• _Your instructions_
Give only the number of lines in the records that include the string "provide".

• _Source data_

######

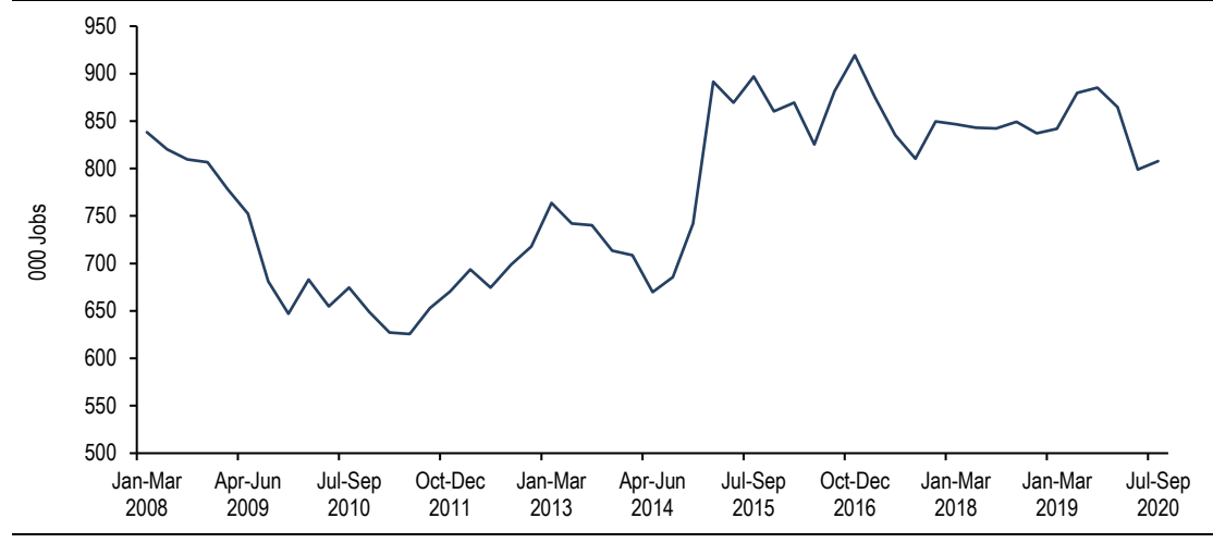
Exhibit 1: South Africa's agriculture employment
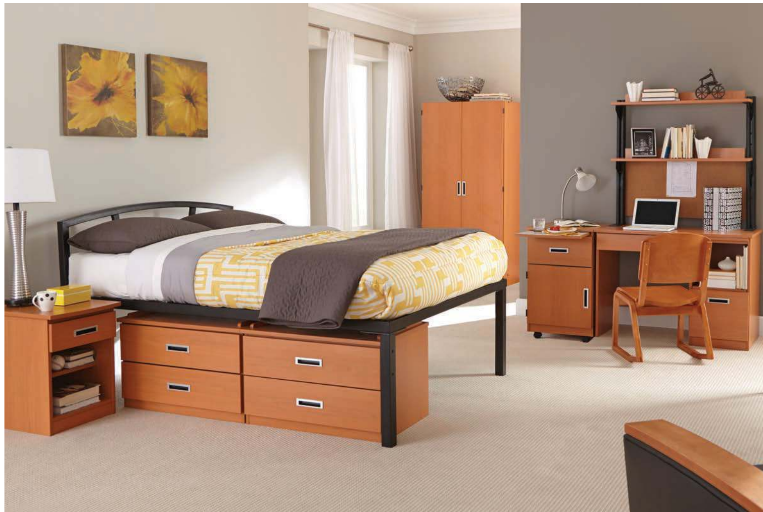
The Merit casegoods are a fresh, innovative line of student bedroom furniture featuring our, proprietary upscale laminate construction in multiple wood finishes and optional Graphite accent tops. Merit casegoods melamine laminate surface with PVC edge banding provide maximum durability and impact resistance.
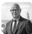
Edouard PHILIPPE Former Prime Minister Mayor of Le Havre
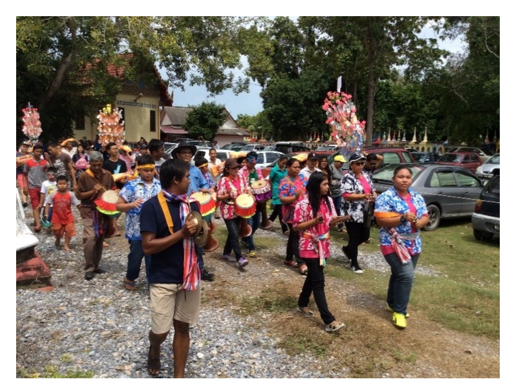
Figure 3. Klong yao in Tod Krathin ceremony, Macchimaprasit Temple 2016

as an essential part of the religious ceremony that took place in the Buddhist temples.
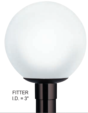
FITTER I.D. = 3"

ADD MG FOR MOGUL BASE SEE PAGE 46 FOR HIGH WATTAGE LIGHT COMMERCIAL MODELS
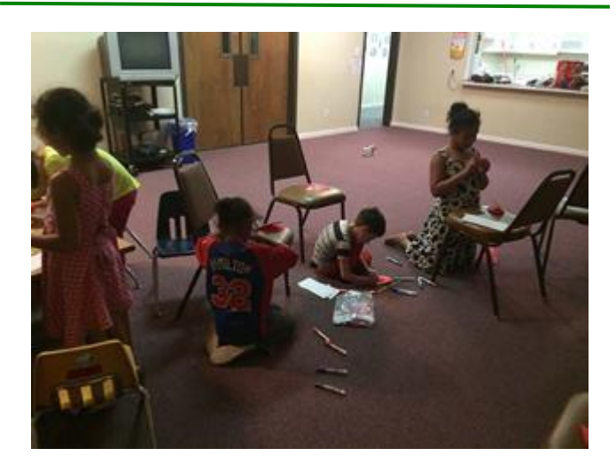
The children made Valentine cards for the Holy Highway girls.
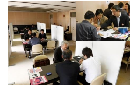
Pre-Arranged Business Matching Program, in which 576 companies Entered, 891 appoints arranged.
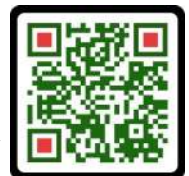
Chat with Wanda!

Scan the QR code to the right to chat with Wanda and get connected to your local WIC agency!
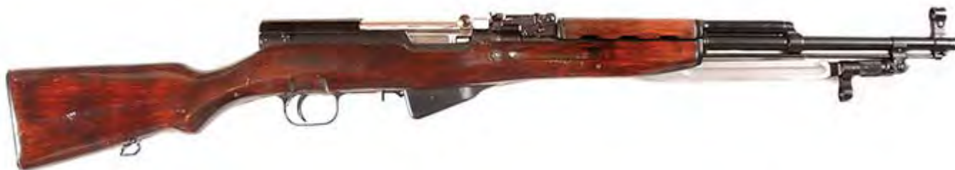
A Russian made SKS, the semiautomatic 7.62x39mm carbines were manufactured in the Soviet Union from 1949 to 1956. (Private collection)

During 1941, Simonov submitted two more carbines designs, one of which passed initial testing and fifty more were ordered for field trials. However, on the 22nd of June, 1941, the Germans launched a massive invasion in an attempt to conquer the Soviet Union. As the Wehrmacht advanced, many factories had to be abandoned, delaying further progress on Simonov's carbine until 1944. When work was finally resumed the carbine was re-chambered for the original mid-range 7.62x41mm cartridge (later changed to 7.62x39mm). The Simonov carbine was basically similar to his 1941 design, with only a few minor changes. The first Simonov carbines were shipped to Soviet troops on the Byelorussian front and to the Vistrel officer-training school. Initial reports stated that the carbine was easily reloaded, light and maneuverable, but there were also problems with sensitivity to dust, jams and failures to eject. Despite the problems, the trials commission recommended that Simonov continue to improve his carbine. During 1949 Simonov's improved design was officially adopted as the 7.62 Simonov self-loading carbine, Model 1945 or SKS-45.
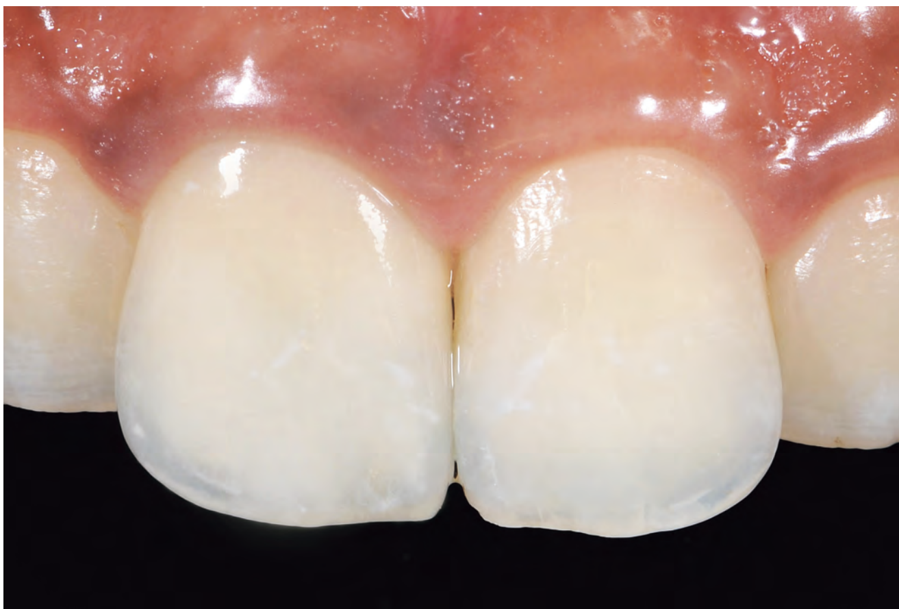
#8 IPS e.max Crown
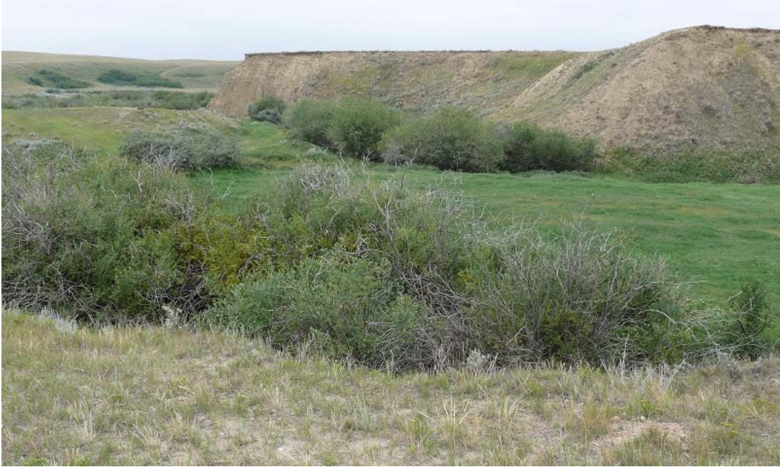
Riparian habitat along a coulee at Silver Sage Conservation Site (expansion) in our Southern Region.
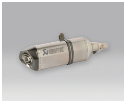
Akrapovič Titanium Slip-On Exhaust 08F88-MKA-900

Delivering great looks and increased performance, this street legal Slip-on Exhaust features laser engraved Akrapovič logo, and conforms to all exhaust system noise level regulations for street use.
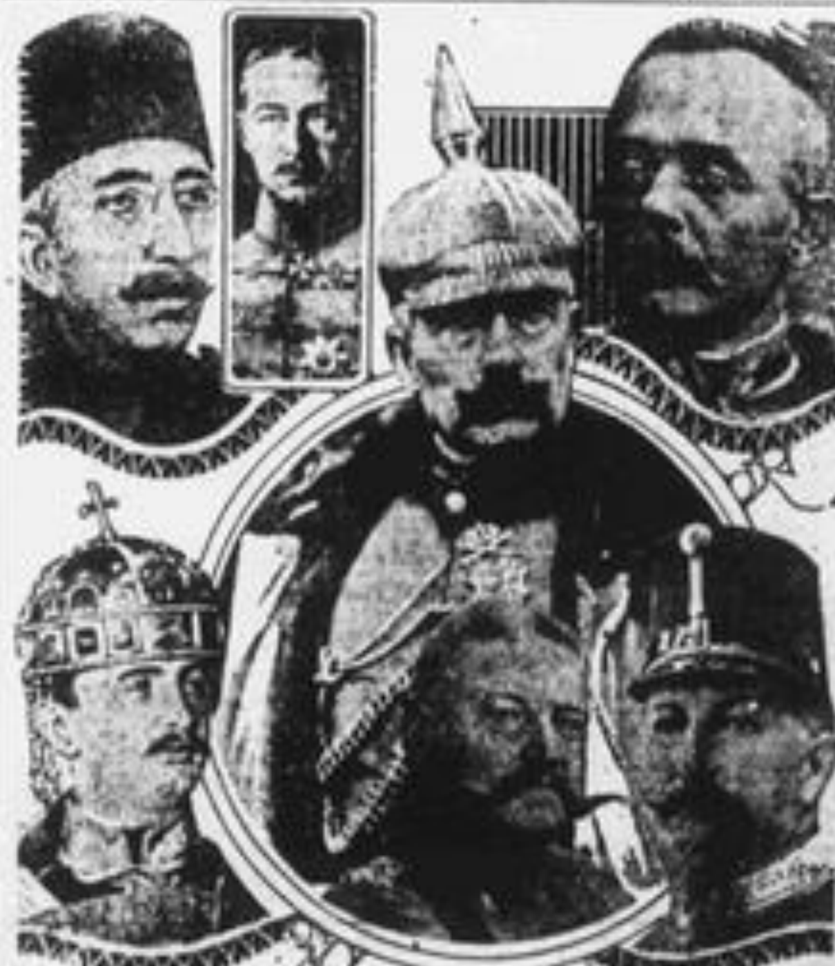
These men led the attempt to slave the entire world under the Prussian yoke. Top row, left to right, Kaiser Wilhelm II, Emperor of Germany; Emperor Frederick III, Emperor of Germany; and Emperor William I, Emperor of Germany. Middle row, left to right, Emperor William II, Emperor of Germany; Emperor William III, Emperor of Germany; and Emperor William IV, Emperor of Germany. Bottom row, left to right, Emperor William V, Emperor of Germany; Emperor William VI, Emperor of Germany; and Emperor William VII, Emperor of Germany.

Revolution Sweeps All Germany as William Hohenzollern Flees
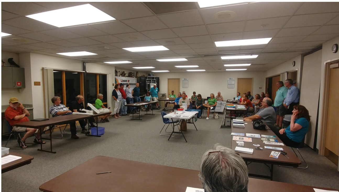
Photo: Stream Teams United brings together Stream Teams and their Associations, forming a Coalition of Missouri citizens that care for Missouri stream resources. As part of this strategic planning process, Stream Teams met in St. Louis to discuss the goals of the Coalition.

Stream Teams United promotes and supports Missouri Stream Teams and Stream Team Associations. We facilitate education of Stream Teams and the general public in order to build an appreciation and knowledge of Missouri stream resources. We support stewardship projects to improve the health of Missouri's rivers and streams. We advocate for clean water, provide information to Missouri citizens, and serve as a united voice for healthy Missouri waters.
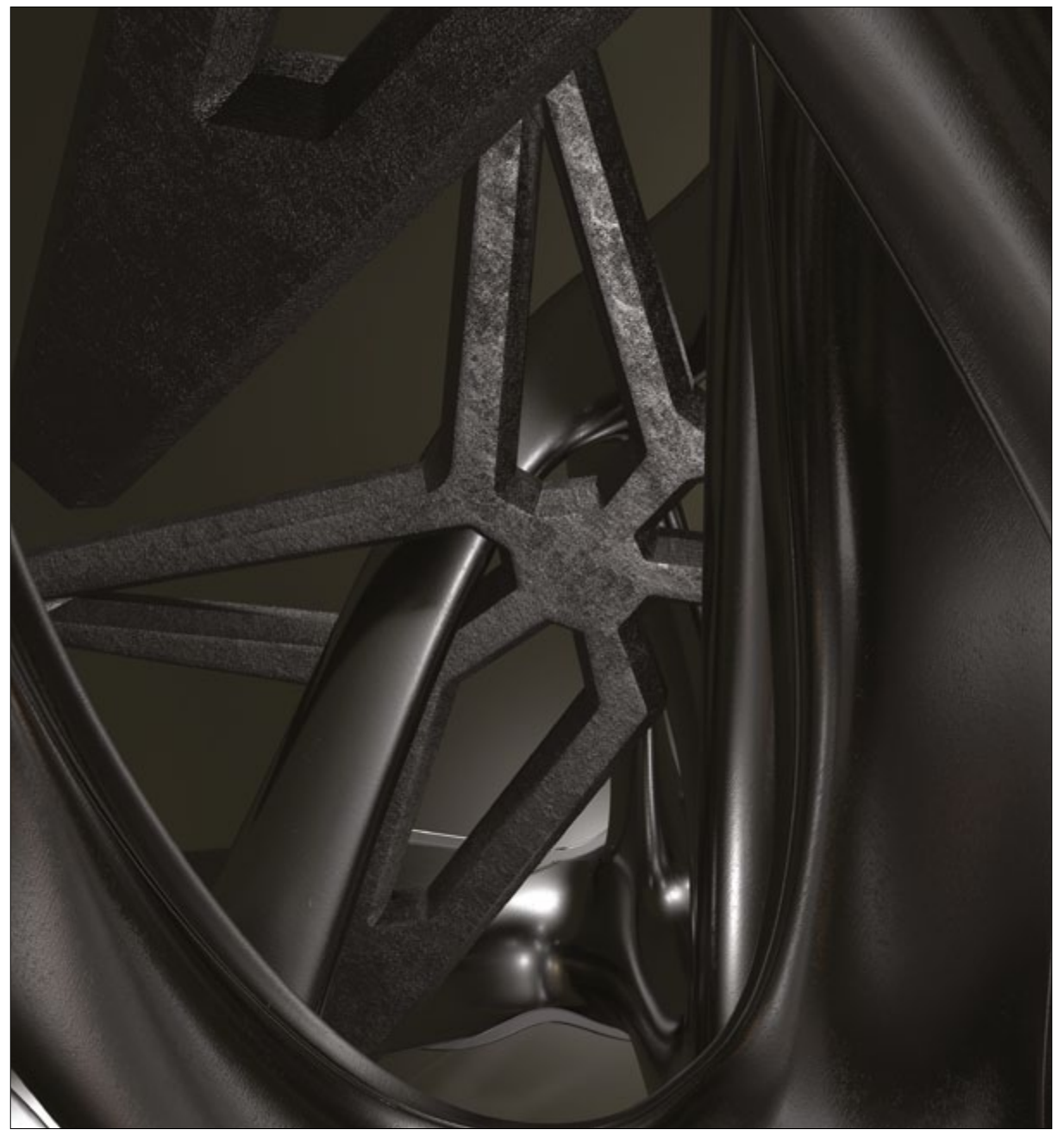
Once upon a time in the constellation of Horologia...

For the SIHH 2015, Manufacture Roger Dubuis is to stage another scenographic surprise designed to stun and intrigue visitors to the exclusive annual watch show. Inspired by an eclectic range of sources including fashion, architecture, painting, sculpture and film-making, the Roger Dubuis booth will embody a dreamlike fantasy world powerfully evoking the Manufacture's primary theme of the year: skeleton-work and its multiple interpretations in nature, art and watchmaking.
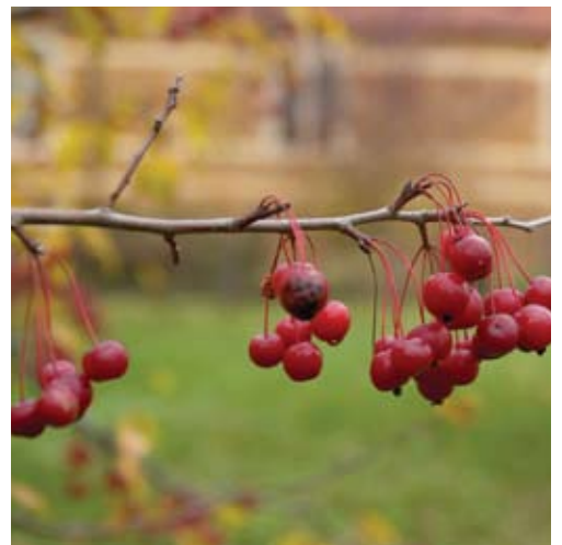
Baker campus during the fall.
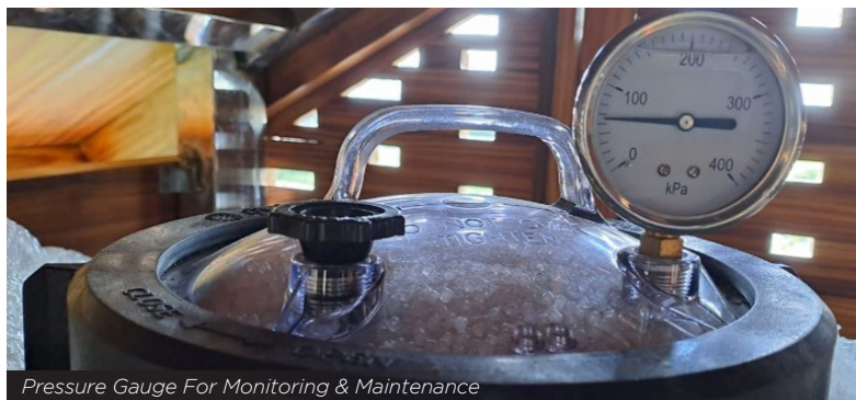
Pressure Gauge For Monitoring & Maintenance

Designed specifically for ponds and water gardens, the Aquabiome filter offers both mechanical and biological filtration within one unit. With its capability to support vast nitrifying bacteria populations, it stands out for its reliability and ease of maintenance, making it ideal for high-density recirculation systems. Its structure is optimized for maximum water flow, ensuring efficiency, and is built with the latest fibreglass winding technology, offering UV stabilization and corrosion resistance for
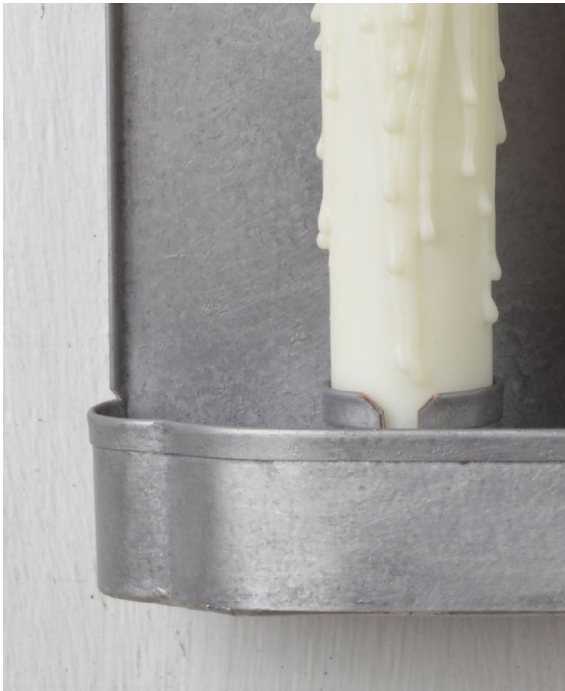
FIN-OPLCC Old pewter using lead coat copper
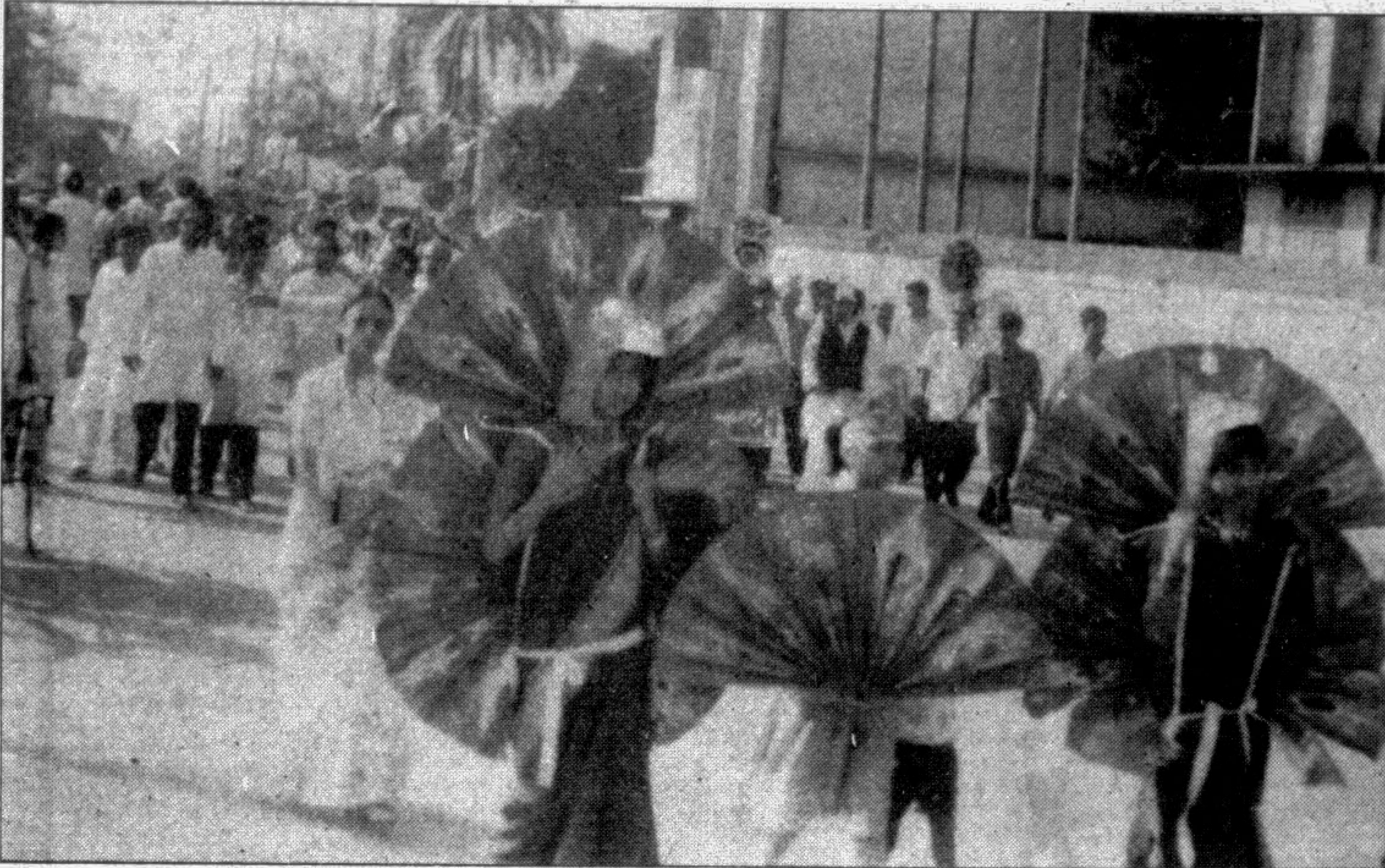
MYMENSINGH: A colourful procession was brought out at the town on the occasion of Pahela Baishakh under the joint auspices of district administration and combined cultural organisations.

######

• _Result of this exercise_
2